Workers at King County’s West Point Treatment Plant continue to be on schedule for restoring the wastewater treatment processes by April 30.
The work to restore wastewater treatment processes at the West Point Treatment Plant by April 30 continues to be on schedule at the King County facility, where a Feb. 9 equipment failure has limited the facility’s wastewater treatment capabilities.
All equipment that is critical to bringing West Point up to full wastewater treatment capability is operational, and now the bulk of the effort is focused on getting biological processes back on line.
No emergency bypasses of highly diluted stormwater and wastewater from the plant have occurred since Feb. 16, and beaches that were temporarily closed immediately following emergency bypasses have been open since Feb. 21.
Wastewater treatment quality and capacity are improving at West Point. Treatment includes screening, primary treatment (grit, solids and scum removal) and disinfection. Added treatment capacity has cut in half the volume of solids discharged through the plant’s deepwater outfall into Puget Sound.

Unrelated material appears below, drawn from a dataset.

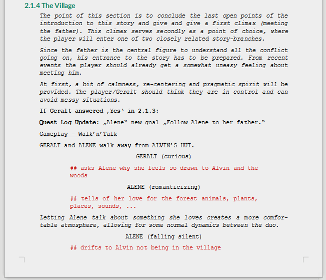 I’ve continued writing on the quest design document which I began earlier. To be precise, I concretized the section “The Village” which happens directly after Alene and Geralt’s meeting with Alvin. In particular, it comprises walking to the village and the introduction of the father, Aisker. At the end the most importnant decision of this quest has to be made – whether to get involved in family matters or not. Here are some screenshots of what I wrote (here is the full file):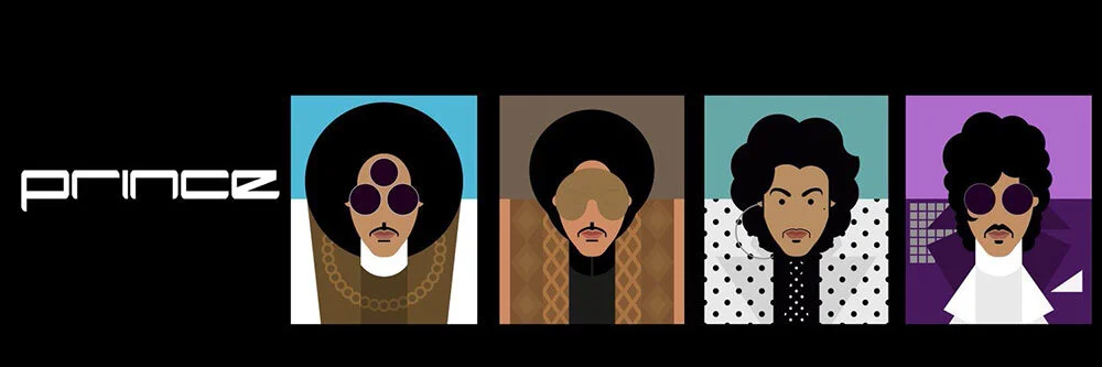 I worked with Prince for a couple of years, a partnership that started with a project called ‘The Many Faces of Prince’. The idea was to create a portrait of Prince, one for every year he's been in the music business, using only simple shapes. He saw the project, got in touch and we went on to create album art, merchandise, staging and more.

As part of West Point’s restoration, King County will temporarily increase truck traffic from the plant to haul primary sludge and biosolids. Up to 13 solids trucks spread out over a 24-hour period could be expected during the next seven to 10 days.
Progress report for Thursday, April 13:
King County employees and contractors are working on a variety of projects at West Point this week:
• Crews are performing tank cleaning over the next seven to 10 days that could result is some nuisance odors that might be detectable in areas near the West Point Treatment Plant. The facility has a 24-hour odor control hotline - 206-263-3801.
• Work to restore healthy biology to the secondary treatment systems continues to be the bulk of the remaining work. Crews have brought four anaerobic digesters online and up to their operating temperature, with a fifth digester expected to come online within the next few days.
• Workers have been carefully feeding sludge from the primary treatment process to the microorganisms that are at the core of the anaerobic digestion process by breaking down the organic solids that remain following the primary treatment process.
• Equipment repair and replacement projects continue, including electrical panel installations, which are being done as soon as new panels arrive at the plant.
• Insulation work on warm-water pipes is concluding, with just a small amount of work remaining to cover various pipe joints and other small areas.
Significant rainfall isn’t anticipated for the next several days. During heavy rainstorms when the volume of stormwater and wastewater flowing into the plant appears to approach the upper limit of its current treatment capacity, plant operators can avoid an emergency bypass by diverting some of the flow headed toward West Point to other wastewater treatment facilities.